■ WHAT THE TASK ASKS
Each entry below is to be given again word for word, with no pictures.

■ EXERCISE MATERIALS
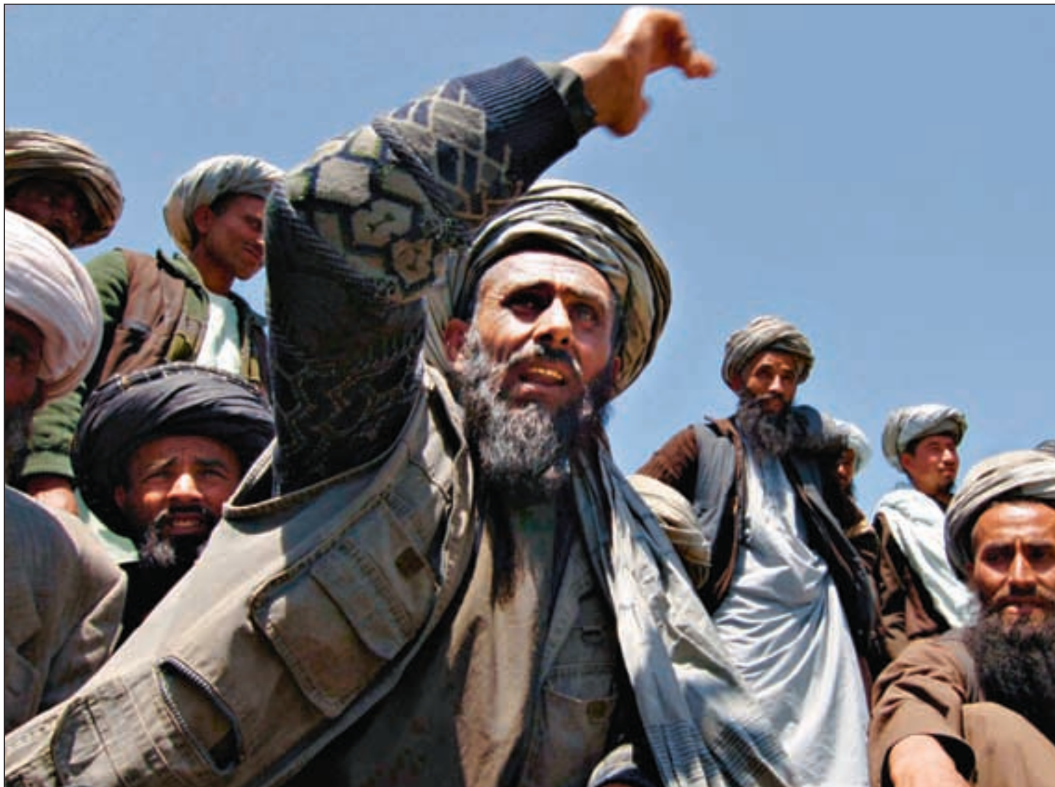
Engasjert diskusjon på en jirga, et meklingsmøte i Faryab-provinsen nord i Afghanistan. Den afghanske regjeringen og USA åpner nå for å inkludere Taliban i poli

Afghanerne gikk lenger enn sine internasjonale allierte i ønsket om å komme Taliban i møte. Men i forkant av konferansen hadde flere internasjonale toppfolk tenkt høyt om mulighetene for å inngå et politisk forlik med Taliban. General Stanley McCrystal, øverstkommanderende for NATOs styrker i Afghanistan (ISAF), uttalte i et intervju med Financial Times at en politisk løsning er «det uunnngåelige resultatet av alle konflikter». På spørsmål om han kunne tenke seg Taliban i en fremtidig regjering i Kabul, svarte han:
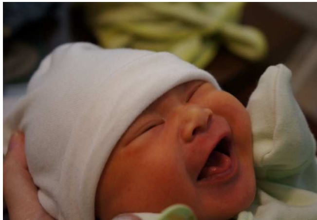
Kippy eine Woche alt

Die Kombination von Parabda Karma (karmische Konsequenzen der Vergangenheit, die in diesem Leben abzarbeiten sind), Vidhya (Das was Licht spendet – das Wissen und die göttlichen Qualitäten, die der Seele helfen, den Weg spirituellen Fortschritts zu gehen) und die Gunas (Attribute der Natur: Tamas – Trägheit, Rajas – Aktivität und Sattva - Ausgeglichenheit) findet statt, sobald die Seele im Mutterleib ist. Die fünf subtilen Körper (physischer, energetischer, mentaler, Weisheits- und spiritueller Körper) werden entsprechend dem Karma der Seele während des Aufenthalts im Mutterleib festgelegt und ausbalanciert. Der alles durchdringende Herr ist ebenfalls als das letztendliche Schicksal der Seele im kleinsten Samen des Lebens gegenwärtig. Tirumular sagt, dass der Herr selbst beim kleinsten Samen weiß, was die Seele nach der Geburt erwartet. Er weiß um all die Erfahrungen, die sie durchleben muss, um ihre karmische Schuld zu reduzieren. Der Körper, der im Mutterleib gestaltet wird, ist dafür das geeignete Instrument.
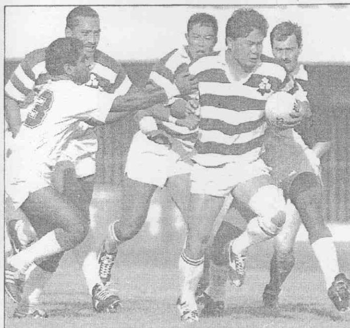
↑日本隊今天與中華隊爭亞洲橄欖球賽分組冠軍，日本隊球員體格魁梧，中華隊將加緊防備。
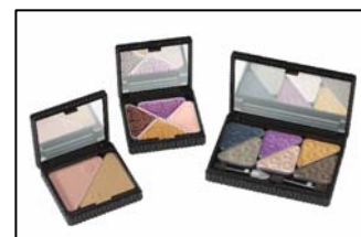
1階 マリークウント

日々の生活の「美」や「健康」に注目し、1階に新しくコスメからファッションアイテムまでトータルコーディネート提案する NEW ショップ「マリークウント」が、2階にはドラッグストアの「ハックドラッグ」(拡大)がオープンし、地域の皆さまの生活により身近で、より便利な存在になります。
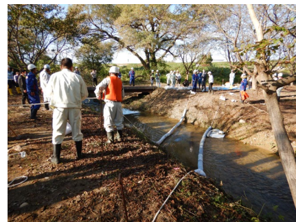
吸着マットの設置訓練
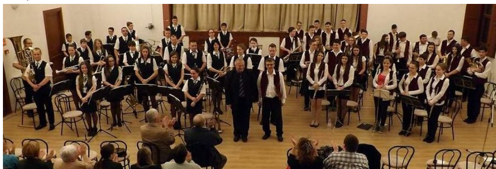
A Békési Ifjúsági és a Csorvási fúvószenekar közös koncertje
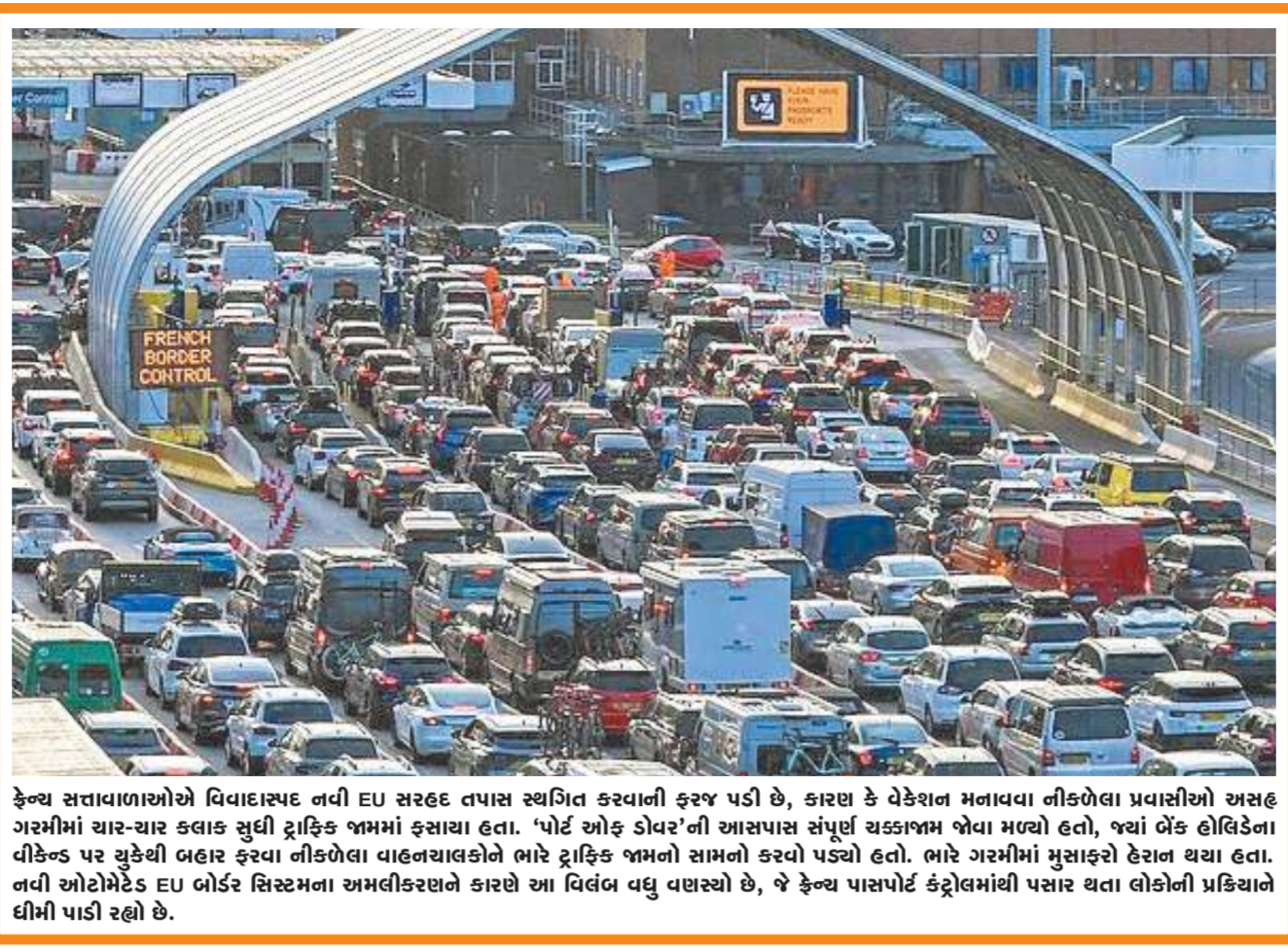
કેન્થ સત્તાવાળાઓએ વિવાદાસ્પદ નવી E.U સરહદ તપાસ સ્થાનિત કરવાની ફરજ પડી છે, કારણ કે વેકેશન મનાવવા નીકળેલા પ્રવાસીઓ અસહ ગરમીમાં ચાર-ચાર કલાક સુધી ટ્રાફિક જામમાં ફસાયા હતા. 'પોર્ટ ઓફ ડોવર'ની આસપાસ સંપૂર્ણ ચક્કાજામ જોવા મળ્યો હતો, જ્યાં બેંક હોલિડેના વીકેન્ડ પર યુકેથી બહાર ફરવા નીકળેલા વાહનચાલકોને ભારે ટ્રાફિક જામનો સામનો કરવો પડ્યો હતો. ભારે ગરમીમાં મુસાફરો દેરાન થયા હતા. નવી ઓટોમેટેડ E.U બોર્ડર સિસ્ટમના અમલીકરણને કારણે આ વિલંબ વધુ વહાલ્યો છે, જે કેન્થ પાસપોર્ટ કંટ્રોલમાંથી પસાર થતા લોકોની પ્રક્રિયાને ધીમી પાડી રહ્યો છે.

રાજકારણ શબ્દ અને ભૂલો પર જ ફ્લેક્સ હોય છે. અને રાજકારણીઓ સિવાય બીજું કોણ શબ્દો વાક્યો અને પ્રસંગોને સંપૂર્ણપણે ફેરવી નાખવામાં માહિર હોઈ શકે? કેટલીકવાર આ તેમના ફાયદા માટે હોય છે તો કેટલીકવાર તેનાથી બિનજરૂરી વિવાદો ઊભા થાય છે. આવા વિવાદો બે ભૂલથી કે અજાણતામાં પણ ઊભા થયા હોય તો તે ચૂંટણી જીતતી મીઠાશને પણ કડવાશમાં બદલી શકે છે. અને આ માટે શાસક પક્ષના ગુજરાતના એક રાજકીય નેતા સિવાય બીજા કોને હોયી કેટલી શકાય? ગુજરાત ભાજપના નેતા જગદીશ વિશ્વકર્મા દ્વારા કોંગ્રેસના સાંસદ ગેનીબેન ઠાકોરના 'પલ્લુ' (સાંડીના છેડામાંથી સત્તા સરકી જવાનો જે સંદર્ભ આપવામાં આવ્યો તેણે તેમના વિવચ પ્રવચનને એક મોટા વિવાદમાં ફેરવી નાખ્યું.
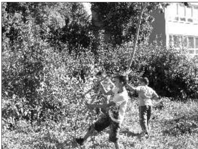
Žiaci ZŠ sa vlastnou prácou pričiňujú o skrášlenie okolia školy.
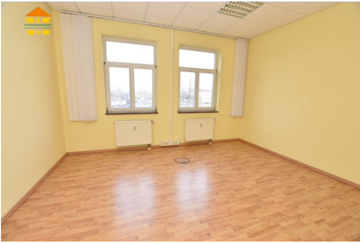
Gewerbeeinheit 1.OG links
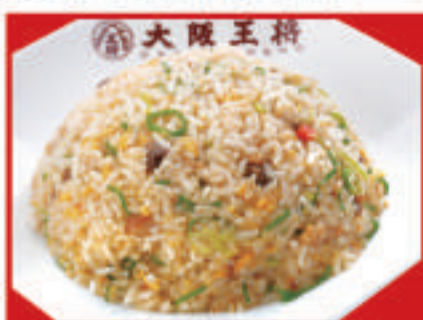
五目炒飯 600円(税込) 五目炒飯 (小) 400円(税込)
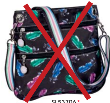
SL53706* Crossbody 25 x 23,5
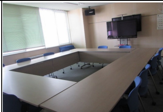
2階 管理棟第二会議室
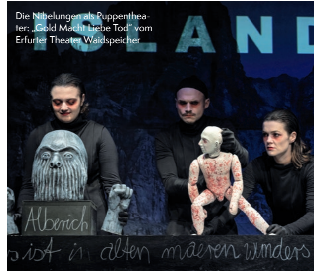
Die Nibelungen als Puppentheater: „Gold Macht Liebe Tod“ vom Erfurter Theater Waidspeicher

Die Raimundspiele Gutenstein sind eine Veranstaltungsreihe in Gutenstein in Niederösterreich, die seit 1993 jährlich während der Sommermonate stattfindet. Bis
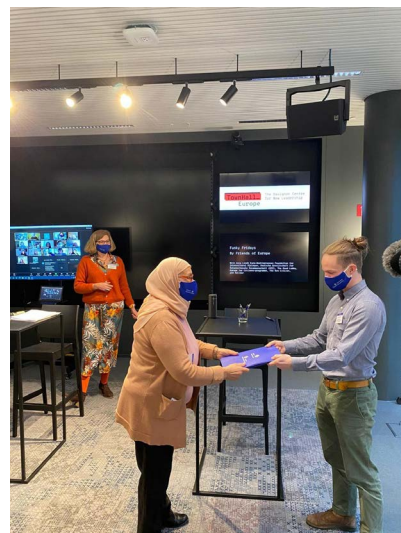
Une assembliste remet solennellement la résolution à l' élu d'Agora

La manière de rédiger chaque résolution est également, en soi, une communication. Le texte d'introduction de la résolution décrit le processus : chaque proposition est introduite par les intentions et valeurs délibérées qui sont à son origine et des annexes détaillent le processus pour les plus curieux·ses.
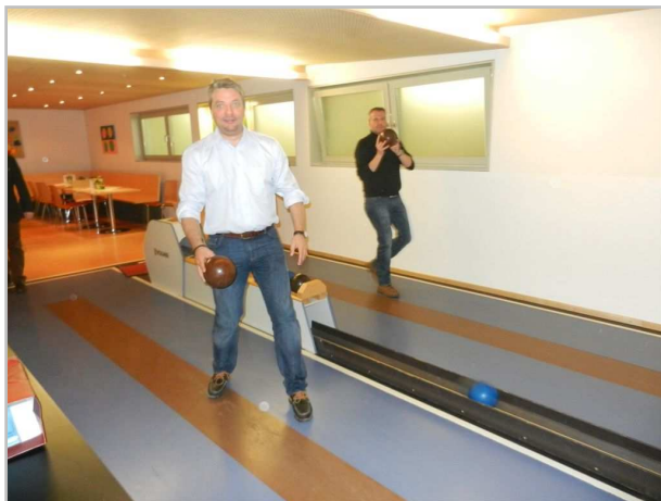
..ob die „Jungen“, oder die etwas älteren
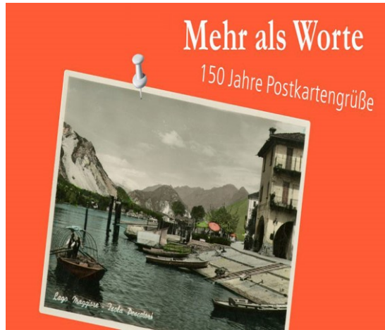
Şekil 12: Sergi Davetiyesi: Berlin İletişim Müzesi’nde “Kelimelerden Daha Fazlası – 150 Yıllık Kartpostal Selamları” sergisi.

Son yıllarda Dünyada kartpostallar üzerine farkındalığın arttığı, araştırmaların ve sergilerin yapıldığı çalışmalar görülmektedir. Örneğin; Museum für Kommunikation Berlin (Berlin İletişim Müzesi)’nde, 21 Ağustos 2019 – 2 Şubat 2020 tarihleri arasında Kartpostalın 150. yılını kutlayan “Kelimelerden Daha Fazlası – 150 Yıllık Kartpostal Selamları” isimli bir sergisi düzenlendi.
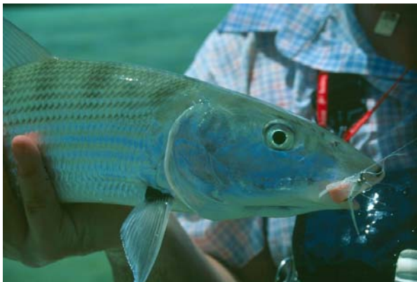
Närbild på bonefish

Utbredningen är tropiska och varma vatten runt Amerika, i såväl Atlanten som Stilla havet. Bonefish hittar man främst runt flats, i mangrove laguner, åmynningar och de djupare vattnen runt dessa. Tack vare en blåsa med en funktion som påminner om en lungas kan Bonefish klara mycket låga syrehalter vilket inte är ovanligt i de miljöer de trivs i. Födan utgörs huvudsakligen av blötdjur och kräftdjur som de krossar med hjälp av benplattor i munnen och på tungan. Jakten pågår ofta på så pass grunt vatten som 30 cm. Under jakten simmar alla exemplar i samma riktning och håller samma konstanta hastighet. Enstaka äldre och större exemplar jagar dock ofta ensamma. Som tidigare nämnt är Bonefish en skygg fisk och det är lätt att skrämna dem.

■ ANSWER SECTION
Engasjert diskusjon på en jirga, et meklingsmøte i Faryab-provinsen nord i Afghanistan. Den afghanske regjeringen og USA åpner nå for å inkludere Taliban i poli

Afghanerne gikk lenger enn sine internasjonale allierte i ønsket om å komme Taliban i møte. Men i forkant av konferansen hadde flere internasjonale toppfolk tenkt høyt om mulighetene for å inngå et politisk forlik med Taliban. General Stanley McCrystal, øverstkommanderende for NATOs styrker i Afghanistan (ISAF), uttalte i et intervju med Financial Times at en politisk løsning er «det uunnngåelige resultatet av alle konflikter». På spørsmål om han kunne tenke seg Taliban i en fremtidig regjering i Kabul, svarte han:
Kippy eine Woche alt

Die Kombination von Parabda Karma (karmische Konsequenzen der Vergangenheit, die in diesem Leben abzarbeiten sind), Vidhya (Das was Licht spendet – das Wissen und die göttlichen Qualitäten, die der Seele helfen, den Weg spirituellen Fortschritts zu gehen) und die Gunas (Attribute der Natur: Tamas – Trägheit, Rajas – Aktivität und Sattva - Ausgeglichenheit) findet statt, sobald die Seele im Mutterleib ist. Die fünf subtilen Körper (physischer, energetischer, mentaler, Weisheits- und spiritueller Körper) werden entsprechend dem Karma der Seele während des Aufenthalts im Mutterleib festgelegt und ausbalanciert. Der alles durchdringende Herr ist ebenfalls als das letztendliche Schicksal der Seele im kleinsten Samen des Lebens gegenwärtig. Tirumular sagt, dass der Herr selbst beim kleinsten Samen weiß, was die Seele nach der Geburt erwartet. Er weiß um all die Erfahrungen, die sie durchleben muss, um ihre karmische Schuld zu reduzieren. Der Körper, der im Mutterleib gestaltet wird, ist dafür das geeignete Instrument.
↑日本隊今天與中華隊爭亞洲橄欖球賽分組冠軍，日本隊球員體格魁梧，中華隊將加緊防備。
1階 マリークウント

日々の生活の「美」や「健康」に注目し、1階に新しくコスメからファッションアイテムまでトータルコーディネート提案する NEW ショップ「マリークウント」が、2階にはドラッグストアの「ハックドラッグ」(拡大)がオープンし、地域の皆さまの生活により身近で、より便利な存在になります。
吸着マットの設置訓練
A Békési Ifjúsági és a Csorvási fúvószenekar közös koncertje
કેન્થ સત્તાવાળાઓએ વિવાદાસ્પદ નવી E.U સરહદ તપાસ સ્થાનિત કરવાની ફરજ પડી છે, કારણ કે વેકેશન મનાવવા નીકળેલા પ્રવાસીઓ અસહ ગરમીમાં ચાર-ચાર કલાક સુધી ટ્રાફિક જામમાં ફસાયા હતા. 'પોર્ટ ઓફ ડોવર'ની આસપાસ સંપૂર્ણ ચક્કાજામ જોવા મળ્યો હતો, જ્યાં બેંક હોલિડેના વીકેન્ડ પર યુકેથી બહાર ફરવા નીકળેલા વાહનચાલકોને ભારે ટ્રાફિક જામનો સામનો કરવો પડ્યો હતો. ભારે ગરમીમાં મુસાફરો દેરાન થયા હતા. નવી ઓટોમેટેડ E.U બોર્ડર સિસ્ટમના અમલીકરણને કારણે આ વિલંબ વધુ વહાલ્યો છે, જે કેન્થ પાસપોર્ટ કંટ્રોલમાંથી પસાર થતા લોકોની પ્રક્રિયાને ધીમી પાડી રહ્યો છે.

રાજકારણ શબ્દ અને ભૂલો પર જ ફ્લેક્સ હોય છે. અને રાજકારણીઓ સિવાય બીજું કોણ શબ્દો વાક્યો અને પ્રસંગોને સંપૂર્ણપણે ફેરવી નાખવામાં માહિર હોઈ શકે? કેટલીકવાર આ તેમના ફાયદા માટે હોય છે તો કેટલીકવાર તેનાથી બિનજરૂરી વિવાદો ઊભા થાય છે. આવા વિવાદો બે ભૂલથી કે અજાણતામાં પણ ઊભા થયા હોય તો તે ચૂંટણી જીતતી મીઠાશને પણ કડવાશમાં બદલી શકે છે. અને આ માટે શાસક પક્ષના ગુજરાતના એક રાજકીય નેતા સિવાય બીજા કોને હોયી કેટલી શકાય? ગુજરાત ભાજપના નેતા જગદીશ વિશ્વકર્મા દ્વારા કોંગ્રેસના સાંસદ ગેનીબેન ઠાકોરના 'પલ્લુ' (સાંડીના છેડામાંથી સત્તા સરકી જવાનો જે સંદર્ભ આપવામાં આવ્યો તેણે તેમના વિવચ પ્રવચનને એક મોટા વિવાદમાં ફેરવી નાખ્યું.
Žiaci ZŠ sa vlastnou prácou pričiňujú o skrášlenie okolia školy.
Gewerbeeinheit 1.OG links
五目炒飯 600円(税込) 五目炒飯 (小) 400円(税込)
SL53706* Crossbody 25 x 23,5
2階 管理棟第二会議室
Die Nibelungen als Puppentheater: „Gold Macht Liebe Tod“ vom Erfurter Theater Waidspeicher

Die Raimundspiele Gutenstein sind eine Veranstaltungsreihe in Gutenstein in Niederösterreich, die seit 1993 jährlich während der Sommermonate stattfindet. Bis
Une assembliste remet solennellement la résolution à l' élu d'Agora

La manière de rédiger chaque résolution est également, en soi, une communication. Le texte d'introduction de la résolution décrit le processus : chaque proposition est introduite par les intentions et valeurs délibérées qui sont à son origine et des annexes détaillent le processus pour les plus curieux·ses.
..ob die „Jungen“, oder die etwas älteren
Şekil 12: Sergi Davetiyesi: Berlin İletişim Müzesi’nde “Kelimelerden Daha Fazlası – 150 Yıllık Kartpostal Selamları” sergisi.

Son yıllarda Dünyada kartpostallar üzerine farkındalığın arttığı, araştırmaların ve sergilerin yapıldığı çalışmalar görülmektedir. Örneğin; Museum für Kommunikation Berlin (Berlin İletişim Müzesi)’nde, 21 Ağustos 2019 – 2 Şubat 2020 tarihleri arasında Kartpostalın 150. yılını kutlayan “Kelimelerden Daha Fazlası – 150 Yıllık Kartpostal Selamları” isimli bir sergisi düzenlendi.
Närbild på bonefish

Utbredningen är tropiska och varma vatten runt Amerika, i såväl Atlanten som Stilla havet. Bonefish hittar man främst runt flats, i mangrove laguner, åmynningar och de djupare vattnen runt dessa. Tack vare en blåsa med en funktion som påminner om en lungas kan Bonefish klara mycket låga syrehalter vilket inte är ovanligt i de miljöer de trivs i. Födan utgörs huvudsakligen av blötdjur och kräftdjur som de krossar med hjälp av benplattor i munnen och på tungan. Jakten pågår ofta på så pass grunt vatten som 30 cm. Under jakten simmar alla exemplar i samma riktning och håller samma konstanta hastighet. Enstaka äldre och större exemplar jagar dock ofta ensamma. Som tidigare nämnt är Bonefish en skygg fisk och det är lätt att skrämna dem.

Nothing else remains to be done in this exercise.